The NY Times and Twitter
I was reading the excellent article on the Poynter website — Why The New York Times replaced its Twitter ‘cyborg’ with people this week — and I was thinking how difficult it must be for the few NY Times people responsible for social media to keep their heads above water. Worse, adding more people to their social media team without the right tool will only make the process more difficult and chaotic.
Here’s why: They have more than 3 million followers. It is very easy to have an automated bot send out the news and simply not engage with readers. But how do you actually monitor what people are saying to you (and about you) so that you can pick the interesting and important Tweets and respond to them, as a team?
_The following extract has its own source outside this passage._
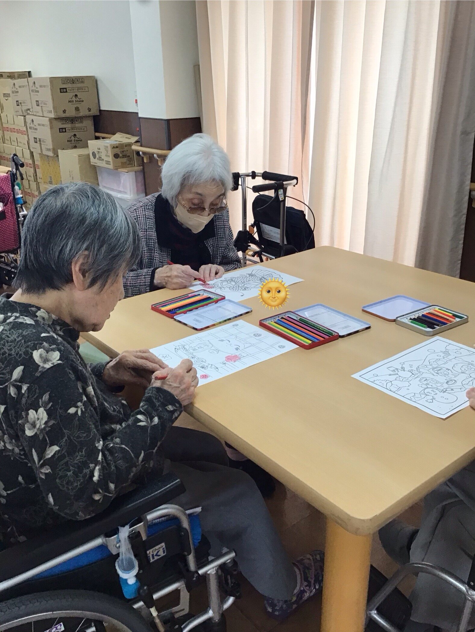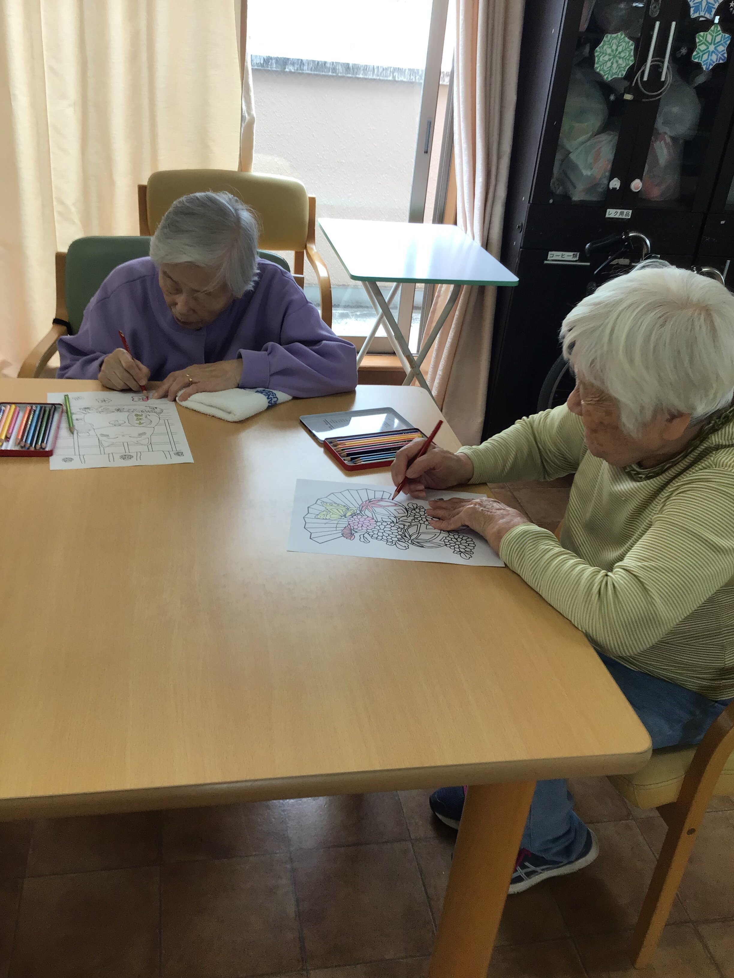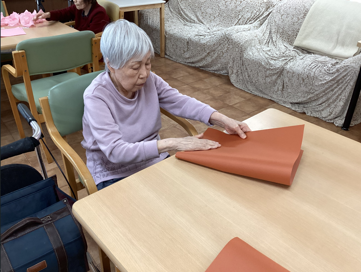 今日は、来月の壁紙の製作レクリエーションに様子をお届けします♪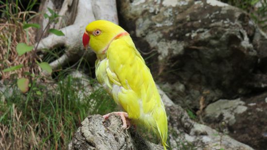 und dort dabei diesen handzahmen gelben Papagei mit seinem roten Halsring entdecken,

The article mentions that two social media editors, who are taking turns running the @nytimes Twitter account during weekday business hours, are now writing Tweets and engaging with readers by hand. It must be very difficult for them to engage with readers one at a time, tracking who said what.
It looks to me that every hour at least 100 people mention @nytimes — perhaps many more if you consider searches on terms like “NY Times” and such. If the NY Times people are constantly running multiple twitter searches and checking mentions by hand, if they answer the phone or step out of the room, oops, a lot of Tweets have been missed and the list needs to be reviewed again. Which Tweets were already reviewed? Who should reply to which Tweet? Which reply was from who? And wouldn’t it be much better if they didn’t have to take turns using @nytimes and could follow through with their separate, unique conversations simultaneously at the same time – even if it was not their turn?
TweetRoost offers a great solution to this problem: TweetRoost brings all @mentions and manually-saved Twitter searches into its permanent database, and they can be assigned or round-robin auto-assigned as a way of automatically dividing up the responsibility of reviewing and replying to the relevant Tweets. Once they are saved, TweetRoost lets you filter out the Retweets, cutting down drastically on the number of items that you need to review in order to see which Tweets need a response. And you can review them whenever you’d like, since you do not risk losing the important Tweets as new ones go flying by on your screen, or Twitter stops saving the data. In TweetRoost, multiple people from a company can share the same Twitter account, as different TweetRoost users, and TweetRoost will track which one of its users did what in its own activity stream. Want to review a conversation from a year ago? No problem, it’ll be permanently saved in TweetRoost with a record of which team member was engaged in the conversation. TweetRoost users can optionally have CoTags, which are usually initials like ^MK or ^MSK, automatically appended to all of their outgoing Tweets so that readers know which person from the company is writing to them. In the case of @nytimes, TweetRoost would work well for the current team of two social media editors, and could also scale to allowing many, many more NY Times editors to Tweet together, as a team, under the @nytimes umbrella.